We’re responsible for our actions . . . really

The following is a true story. Really. No one can make this stuff up.

On Dec. 15, I was working on a column about New Year’s resolutions and wrote the following:

We are responsible for ourselves – if I keel over from a heart attack the fault doesn’t lie with McDonald’s because they make quarter pounders. It’s not Titus Bakery and their delicious doughnuts. It’s not anyone or anything but mine. 

As a society, we seem to always be looking for ways to blame someone else. Look, I lost dang near a hundred pounds by working my butt off (literally). Exercising each day – watching what I ate and all that good stuff. I gained it back when I stopped.

Simple.

Is there blame? Oh hell yes. And it’s all mine.

It’s high time we quit wasting time on a bunch of crap that doesn’t work. I respect immensely the religious community in Indianapolis who talk about the need to stop the violence. I’ve been listening to them for years. Yet our state capital set another record for murders.

When the city-county council over there decides it wants to stop the violence and puts strict penalties for unlawful possession of firearms in city limits, things will change.

When laws change and murdering someone becomes something that is punished severely, things will change.

When we stop throwing minor criminals in with the rapists and murderers and child molesters and make prison a true deterrent, things will change.
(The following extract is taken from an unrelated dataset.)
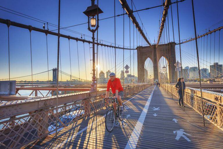 Toda a cidade de Nova York é apta para bicicletas, desde os amplos boulevares do Central Park, fechados ao trânsito por grande parte do dia, até uma crescente rede de ciclovias que cruzam monumentos icônicos e pontes, apesar de os visitantes só aproveitarem isso em parte. Poucos se aventuram para além do extremo oposto da ponte do Brooklyn e é uma pena. A autêntica joia ciclista é Manhattan Waterfront Greenway, uma rota que serpenteia por quase toda a ilha por 50 maravilhosos quilômetros e convida a pedalar explorando outras zonas da cidade pelas pontes que unem Manhattan aos bairros externos, como a típica passarela de madeira da ponte do Brooklyn, ou a mais antiga (e mais recente ao mesmo tempo) High Bridge, entre Harlem e Bronx, original de 1848, quando se construiu para ser aqueduto e que conduz pedestres e ciclistas por cima do rio Harlem.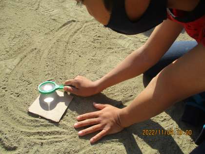 虫眼鏡で太陽を見てはいけないと指導はしてましたが,実際どうなるのかを体感している子どもが少なかったので,興味を持って実験することができました。

When we decide that we are each responsible for our own actions . . . Things. Will. Change.

OK, so that’s what I wrote almost two weeks ago. What you don’t know, and as Paul Harvey used to say, the rest of the story is I did have that heart attack. I didn’t keel over, but only because my wonderful wife was there to catch me – and drive me to the hospital. I was transferred to the good folks at St. Vincent’s Heart Center in Carmel. If there’s a better place to go for heart help, I don’t know where it would be. I spent the last few days there, and am now facing surgery – unfortunately, the kind where they cut you open from soft spot to soft spot.
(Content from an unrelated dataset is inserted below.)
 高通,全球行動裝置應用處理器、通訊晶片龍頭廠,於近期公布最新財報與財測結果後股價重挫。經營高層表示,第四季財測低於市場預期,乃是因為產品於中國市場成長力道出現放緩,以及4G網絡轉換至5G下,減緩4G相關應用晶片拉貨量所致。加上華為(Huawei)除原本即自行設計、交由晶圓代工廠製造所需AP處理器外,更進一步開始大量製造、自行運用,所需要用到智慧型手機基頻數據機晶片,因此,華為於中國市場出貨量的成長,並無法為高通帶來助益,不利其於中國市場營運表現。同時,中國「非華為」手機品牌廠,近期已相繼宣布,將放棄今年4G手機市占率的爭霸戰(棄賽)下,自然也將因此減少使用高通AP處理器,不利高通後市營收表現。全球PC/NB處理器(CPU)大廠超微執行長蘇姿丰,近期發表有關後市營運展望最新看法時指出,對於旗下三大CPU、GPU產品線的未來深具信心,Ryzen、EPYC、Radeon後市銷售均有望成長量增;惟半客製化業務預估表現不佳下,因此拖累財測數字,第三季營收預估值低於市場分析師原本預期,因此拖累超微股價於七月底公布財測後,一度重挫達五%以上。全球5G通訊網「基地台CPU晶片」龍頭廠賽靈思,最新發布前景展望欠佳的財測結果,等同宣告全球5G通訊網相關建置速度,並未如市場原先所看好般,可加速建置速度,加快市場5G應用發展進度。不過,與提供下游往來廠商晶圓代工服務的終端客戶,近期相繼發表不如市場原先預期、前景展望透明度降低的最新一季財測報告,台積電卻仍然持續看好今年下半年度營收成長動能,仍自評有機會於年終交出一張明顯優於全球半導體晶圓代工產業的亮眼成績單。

Am I blaming anyone? Oh, we could go through a long list of my favorite restaurants, and perhaps include a few of my favorite cold beverages. 

It’d be for naught.

Like previously stated, the fault is mine and mine alone. And should the talented docs give me another chance through a successful surgery, then those personal life choices will once again have a big impact on what direction things go. I am hopeful that hard lessons like these can penetrate even my thick skull and I’ll choose better.

I know it’s easy – almost expected – in today’s world to blame others. It’s easy to say white is black and black is white, even though something sits plain as day in front of us. There’s a whole bunch of folks who think just because they say something it can change facts.
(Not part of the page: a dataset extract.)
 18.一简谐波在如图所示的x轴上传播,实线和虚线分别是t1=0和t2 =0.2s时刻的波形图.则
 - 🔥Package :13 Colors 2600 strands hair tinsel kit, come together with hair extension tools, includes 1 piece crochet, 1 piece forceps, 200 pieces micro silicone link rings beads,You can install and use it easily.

That’s not reality. Never has been. Never will be.

It’s time for good folks to stand up. Those folks have always been accountable for themselves, but it’s time to start holding everyone accountable. Do so at the ballot box. Do so by talking with your neighbors. Do so by being straight and forthright. Do it any way you want, but it’s time we start.

One last thing and then I’ll climb off my soapbox. Word is filtering out about my health and I’ve been inundated with kind words and prayers. I appreciate them – and you – more than I can say. I hope to be back soon. Part of that is in God’s hands. But living right and being smarter is in mine – and that’s exactly the way it should be.

Timmons is the chief executive officer of Sagamore News Media, the company that owns The Noblesville Times. He is a proud Noblesville High School graduate and can be contacted at ttimmons@thetimes24-7.com.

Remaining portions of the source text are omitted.